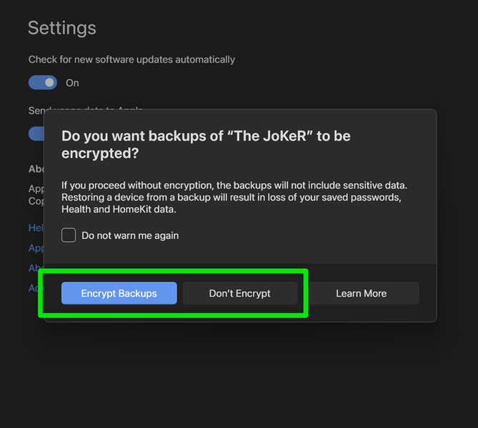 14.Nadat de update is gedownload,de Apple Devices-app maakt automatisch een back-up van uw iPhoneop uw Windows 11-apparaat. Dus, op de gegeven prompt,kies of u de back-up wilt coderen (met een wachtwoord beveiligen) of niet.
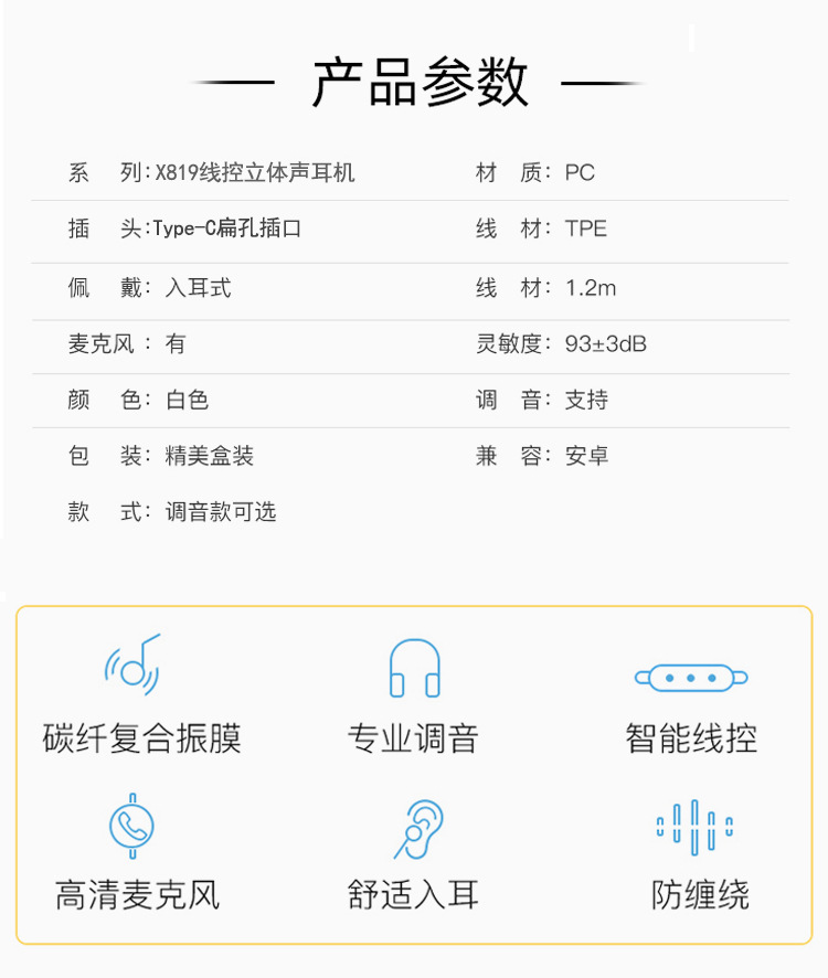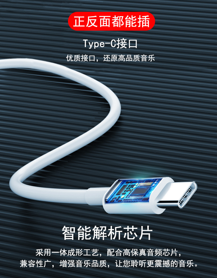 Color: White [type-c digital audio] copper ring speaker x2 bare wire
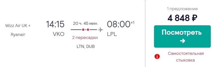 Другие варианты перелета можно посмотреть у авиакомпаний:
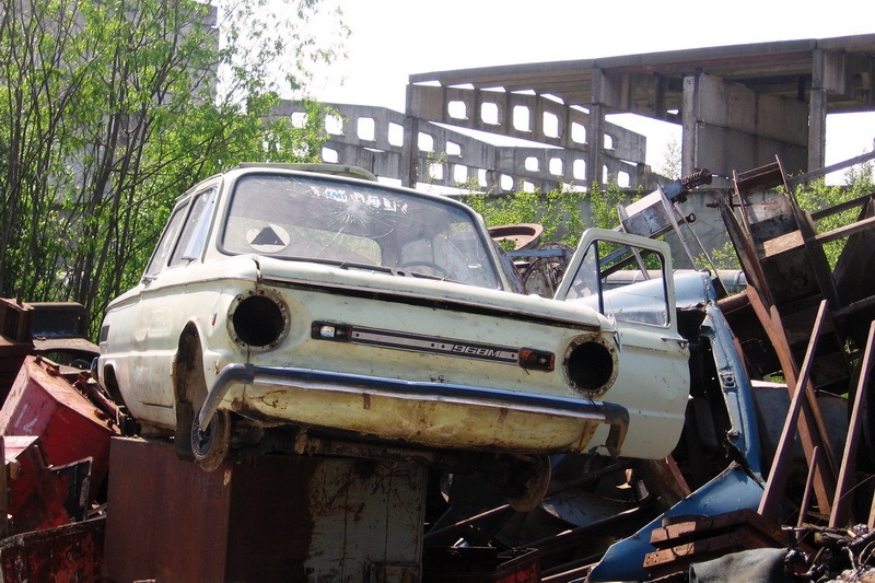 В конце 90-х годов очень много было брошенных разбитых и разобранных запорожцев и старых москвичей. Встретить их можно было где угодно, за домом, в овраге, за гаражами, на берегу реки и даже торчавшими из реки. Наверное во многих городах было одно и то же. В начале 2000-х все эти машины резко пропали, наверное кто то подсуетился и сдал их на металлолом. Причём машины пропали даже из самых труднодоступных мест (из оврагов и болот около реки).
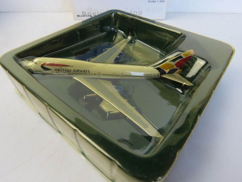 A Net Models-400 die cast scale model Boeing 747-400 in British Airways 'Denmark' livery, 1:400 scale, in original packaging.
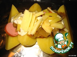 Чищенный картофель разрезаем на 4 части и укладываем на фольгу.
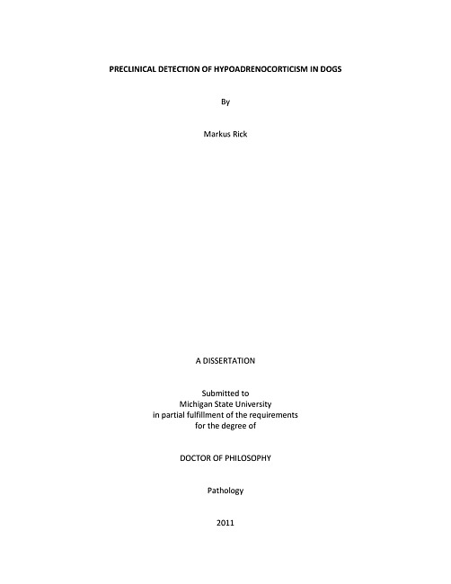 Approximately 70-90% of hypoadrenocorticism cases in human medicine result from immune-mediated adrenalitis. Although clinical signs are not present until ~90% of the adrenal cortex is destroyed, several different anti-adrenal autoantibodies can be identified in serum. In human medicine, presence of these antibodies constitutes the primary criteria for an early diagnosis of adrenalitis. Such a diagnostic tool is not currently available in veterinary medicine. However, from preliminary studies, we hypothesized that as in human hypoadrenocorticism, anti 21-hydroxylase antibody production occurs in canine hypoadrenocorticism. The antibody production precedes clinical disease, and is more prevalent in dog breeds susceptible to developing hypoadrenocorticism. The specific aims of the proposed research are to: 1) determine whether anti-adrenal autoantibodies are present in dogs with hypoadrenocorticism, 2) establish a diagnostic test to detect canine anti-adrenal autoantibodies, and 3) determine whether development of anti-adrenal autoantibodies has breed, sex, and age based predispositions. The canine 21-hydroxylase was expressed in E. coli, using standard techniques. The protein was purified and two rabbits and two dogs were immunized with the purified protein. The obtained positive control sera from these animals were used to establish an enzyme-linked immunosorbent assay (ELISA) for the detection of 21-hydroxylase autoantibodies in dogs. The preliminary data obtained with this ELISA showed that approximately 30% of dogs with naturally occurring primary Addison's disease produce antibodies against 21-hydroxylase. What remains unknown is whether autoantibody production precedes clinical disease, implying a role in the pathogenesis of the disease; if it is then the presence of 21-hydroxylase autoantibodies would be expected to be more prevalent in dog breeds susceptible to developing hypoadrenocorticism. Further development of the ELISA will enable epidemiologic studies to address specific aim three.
---
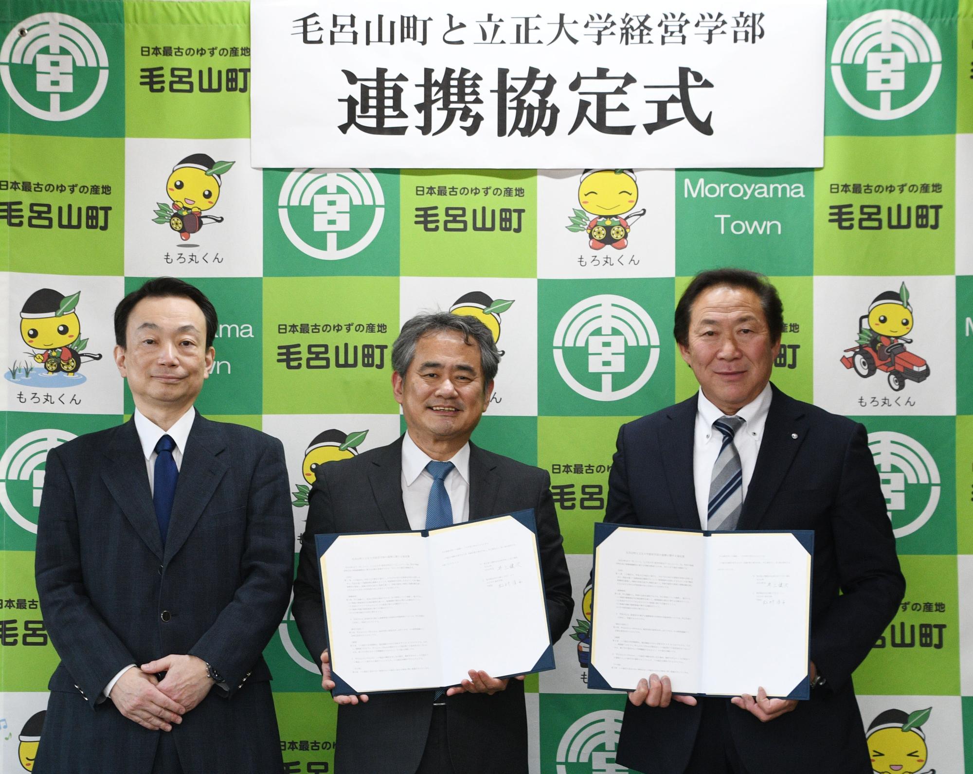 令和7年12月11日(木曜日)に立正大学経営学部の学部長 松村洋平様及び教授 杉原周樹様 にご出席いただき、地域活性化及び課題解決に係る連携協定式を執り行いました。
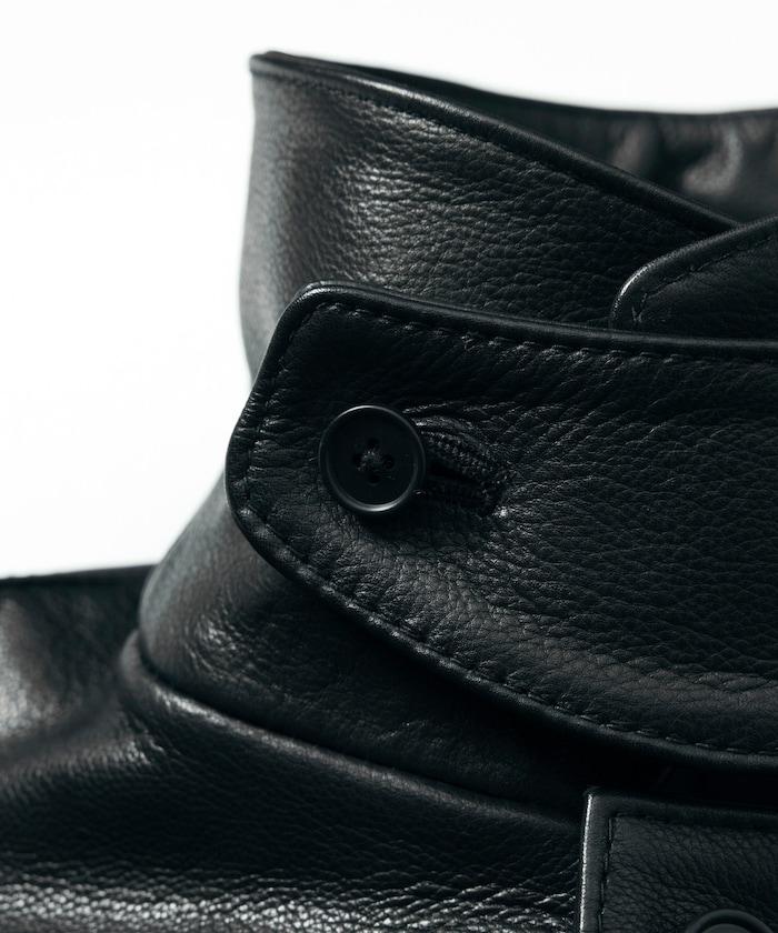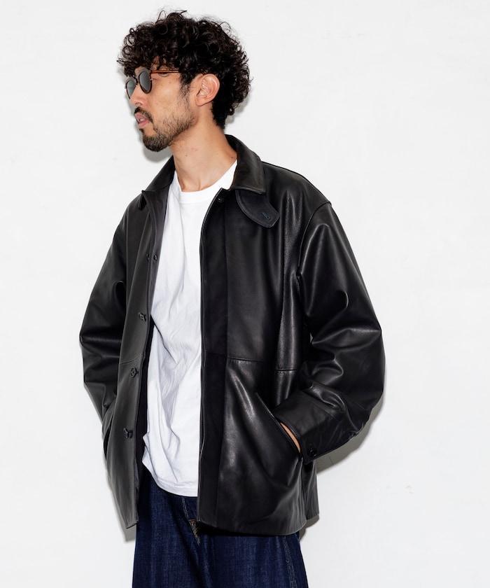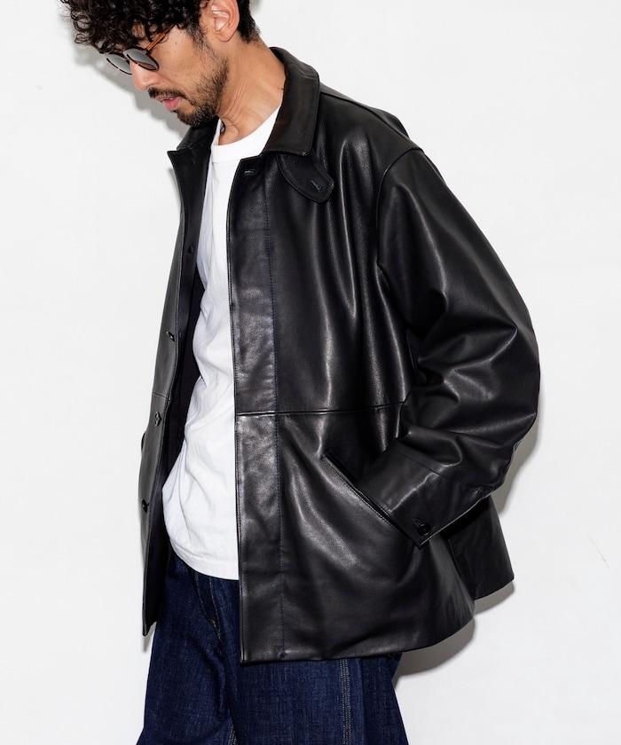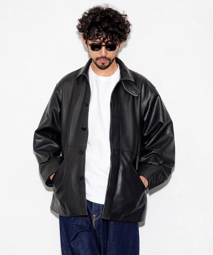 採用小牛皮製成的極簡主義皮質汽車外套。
* * *
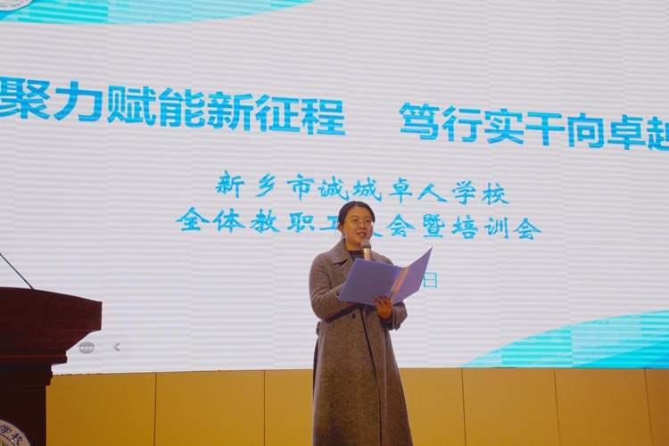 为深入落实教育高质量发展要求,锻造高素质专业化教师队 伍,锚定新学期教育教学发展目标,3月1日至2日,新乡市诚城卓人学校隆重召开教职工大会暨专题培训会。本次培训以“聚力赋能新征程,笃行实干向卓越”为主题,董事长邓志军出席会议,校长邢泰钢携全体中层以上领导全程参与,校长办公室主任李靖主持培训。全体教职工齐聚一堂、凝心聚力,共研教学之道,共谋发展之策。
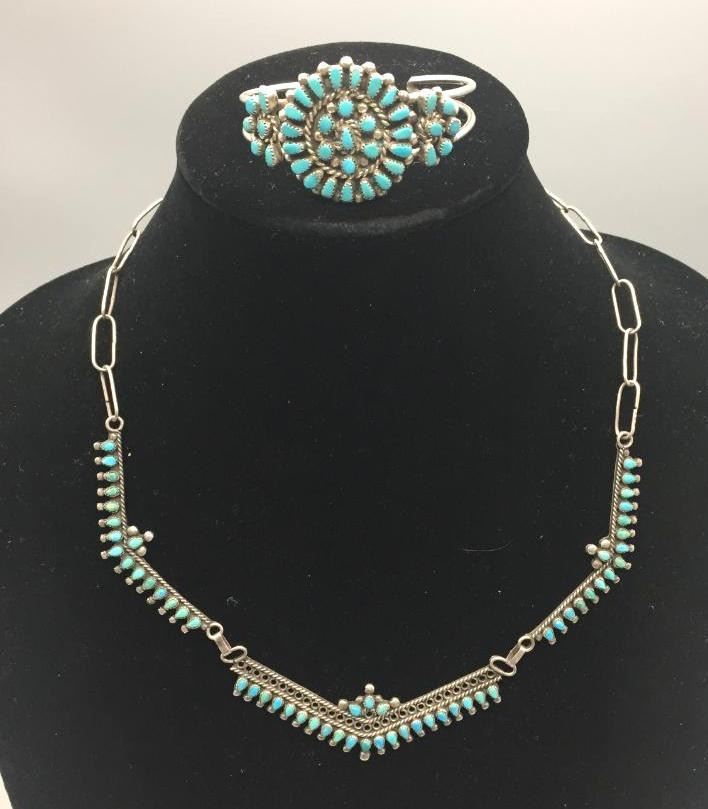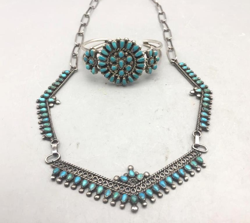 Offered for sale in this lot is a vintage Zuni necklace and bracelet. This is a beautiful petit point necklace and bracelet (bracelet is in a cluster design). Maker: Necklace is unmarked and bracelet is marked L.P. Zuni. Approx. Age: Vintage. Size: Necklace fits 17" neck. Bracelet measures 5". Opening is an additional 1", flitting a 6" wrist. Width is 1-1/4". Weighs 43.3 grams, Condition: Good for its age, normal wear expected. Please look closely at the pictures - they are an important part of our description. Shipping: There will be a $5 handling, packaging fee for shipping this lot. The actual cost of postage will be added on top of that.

▸ **How to complete this task**
When you reach the line that has "Другие варианты перелета" in the data above, start repeating lines exactly, and stop after the line that has "Чищенный картофель разрезаем"; pictures stay out.

▸ **Response to the exercise**
 Другие варианты перелета можно посмотреть у авиакомпаний:
 В конце 90-х годов очень много было брошенных разбитых и разобранных запорожцев и старых москвичей. Встретить их можно было где угодно, за домом, в овраге, за гаражами, на берегу реки и даже торчавшими из реки. Наверное во многих городах было одно и то же. В начале 2000-х все эти машины резко пропали, наверное кто то подсуетился и сдал их на металлолом. Причём машины пропали даже из самых труднодоступных мест (из оврагов и болот около реки).
 A Net Models-400 die cast scale model Boeing 747-400 in British Airways 'Denmark' livery, 1:400 scale, in original packaging.
 Чищенный картофель разрезаем на 4 части и укладываем на фольгу.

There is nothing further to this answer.